*** Block opens ***

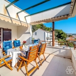In a unique location in Mošćenička Draga, on an elevated cliff with an open view of the sea and the island of Cres, a newly built luxury villa in Mediterranean style is for sale. It is located a few minutes' walk from the beach and offers complete privacy and a peaceful environment, ideal for family living or vacation. The villa is 11 kilometers from Opatija, which is approximately a twenty-minute drive by car. Layout and interior The villa extends over two floors. On the ground floor, there is a spacious open-concept living room with kitchen and dining area, connected to a large terrace, one bedroom with a bathroom, a wardrobe, and a guest toilet. On the upper floor, there are three bedrooms, each with its own bathroom and south-facing balconies with panoramic sea views. The interior is furnished with custom-made handmade furniture, never used, featuring luxurious microcement and underfloor heating in all rooms. Garden and additional amenities The landscaped garden, paved with stone and enriched with Mediterranean greenery, includes a swimming pool and jacuzzi, sunbathing area, outdoor kitchen with barbecue space, and a sauna with a sea view. The villa is equipped with a heat pump, fan coil system, alarm system, and video surveillance. About Mošćenička Draga Mošćenička Draga is a picturesque fishing village at the foot of the medieval town of Mošćenice, situated between the mountain and the sea. It is known for its pebble beaches, crystal-clear sea, and romantic coastal promenades. The area is very hilly and includes part of the Učka Nature Park, offering numerous opportunities for hiking, cycling, and enjoying nature. With its Mediterranean atmosphere and rich history, the place also offers quality tourist infrastructure with hotels, restaurants, taverns, diving centers, and all necessary amenities for comfortable living or vacation. Villa MD – ground floor + upper floor – living area 200.00 m2 (4 bedrooms + 4 bathrooms + 1 WC) + 3 terraces + pool with sunbathing area + garden + outdoor parking spaces, on a plot of 727 m2 = 1,500,000 EUR (including furniture) SAN PATRIK PREMIUM STANDARD The property is represented by the boutique agency San Patrik, which provides expert advice and an individual approach to each buyer. Our role is to ensure verified documentation, complete legal security, and a transparent sales process with access to all key information before making a purchase decision.
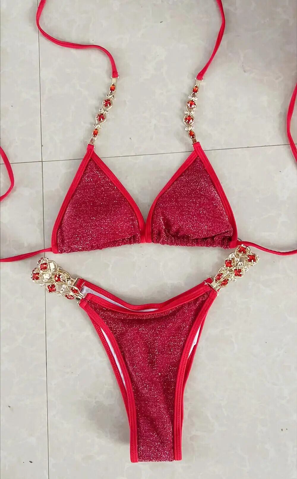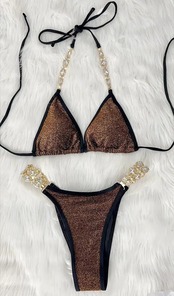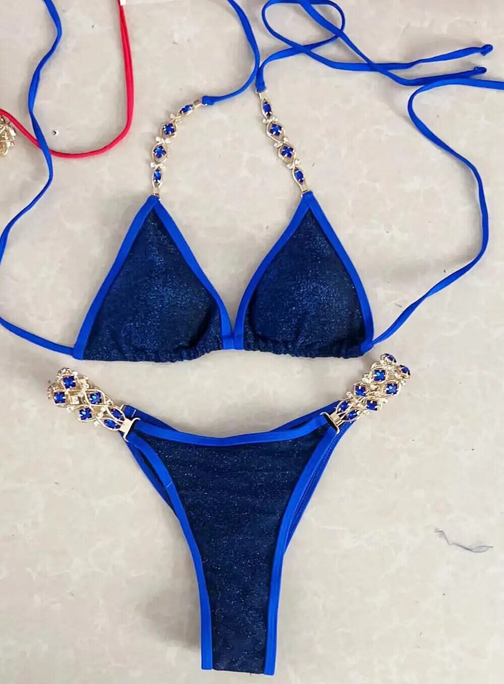 送料無料 2023 高級ラインストーンビキニ女性 2 ピースダイヤモンド水着三角カップホルター水着ローウエスト Tバックビーチ水着 AE33232335523857281173
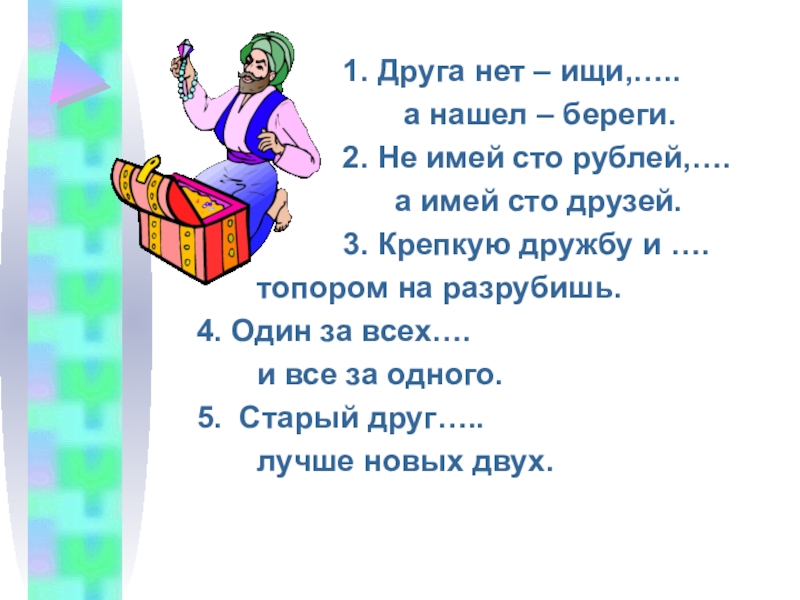 1. Друга нет – ищи,…..
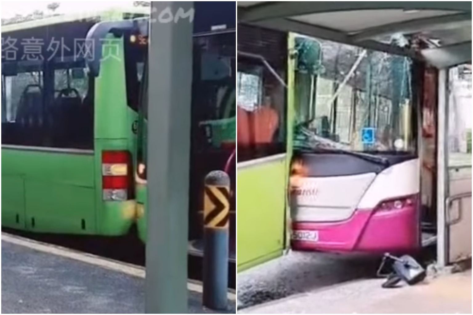 In a video posted on the Singapore Bus Drivers Community Facebook page, three empty SBS Transit buses can be seen to have collided into each other at a bus stop. A side mirror is seen on the ground next to the last bus.
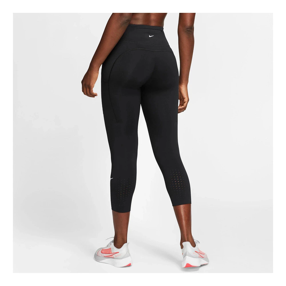 Women’s Nike® Epic Luxe Crop :: Feel a full range of powerful stretch and support in your Women’s Nike Epic Luxe Crop. Nike Power fabric generates no-quit, body-hugging comfort for your most demanding running. Streamline your fit with the fold-over waistband while the added seam in back adds to the flattering design. Zip your phone in the back pocket and just do it.
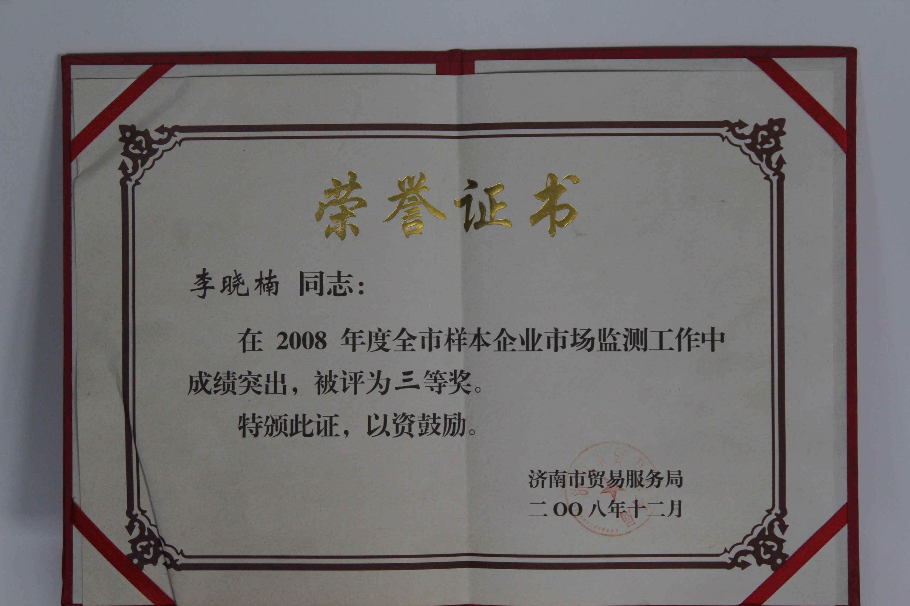 2008全市樣本企業市場監測工作三等獎

*** Block closes ***

--- PROBLEM TO WORK ON ---
Restate exactly, and only, the lines from the one that holds "送料無料 2023 高級ラインストーンビキニ女性" down to the last line of the material above. Omit the pictures.

--- RESULT FOR THIS TASK ---
 送料無料 2023 高級ラインストーンビキニ女性 2 ピースダイヤモンド水着三角カップホルター水着ローウエスト Tバックビーチ水着 AE33232335523857281173
 1. Друга нет – ищи,…..
 In a video posted on the Singapore Bus Drivers Community Facebook page, three empty SBS Transit buses can be seen to have collided into each other at a bus stop. A side mirror is seen on the ground next to the last bus.
 Women’s Nike® Epic Luxe Crop :: Feel a full range of powerful stretch and support in your Women’s Nike Epic Luxe Crop. Nike Power fabric generates no-quit, body-hugging comfort for your most demanding running. Streamline your fit with the fold-over waistband while the added seam in back adds to the flattering design. Zip your phone in the back pocket and just do it.
 2008全市樣本企業市場監測工作三等獎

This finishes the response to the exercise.